Newspaper: Lizzy’s Literary Life
Date: Oct 22 2015
URL: https://lizzysiddal.wordpress.com/2015/10/21/the-story-of-the-lost-child-elena-ferrante/

Translated from Italian by Ann Goldstein

Review contains spoilers.

Does the world need another Ferrante review? No. Does the world need my thoughts on the finale of the Neapolitan quartet? Definitely not. On that basis I shouldn’t be writing this, but I’m in completist mode and I did review the first three books on Shiny New Books last year. It would be a shame not to finish what I started.

The benefit of that SNB piece is that I can quickly remind myself of my expectations when cracking open volume 4. They included the hope of a thrilling and shocking climax and the hope that Lenu would come to her senses. Let’s take them in reverse sequence.
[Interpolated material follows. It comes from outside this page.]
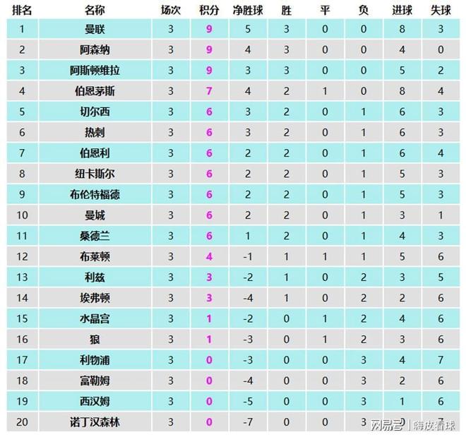 10月,只有曼联、阿森纳和阿斯顿维拉取得三连胜,净胜球给人印象往往是负数的曼联,却凭借净胜球的优势,排在单月的英超第一名。卫冕冠军利物浦,跟富勒姆、西汉姆和诺丁汉森林一起,是4支三场全败的球队,利物浦排名直线下滑,西汉姆和诺丁汉森林换帅后,仍未取得联赛首胜。

In this story of a long and troubled friendship, Lenu has been the fortunate one. Thanks to her parents’s sacrifices for the sake of her education, she escaped the neighbourhood, enjoyed a university education, and by the time book 4 starts has established a literary career of her own. At the same time, she makes a highly unintelligent choice and runs away from her husband with a deeply unsuitable man. It’s going to end in tears. It does, along with anger and recriminations, but not before Lenu has a love child. This, by the way, is a woman who has already established that she cannot sacrifice her career for the demands of motherhood. Can I scream now?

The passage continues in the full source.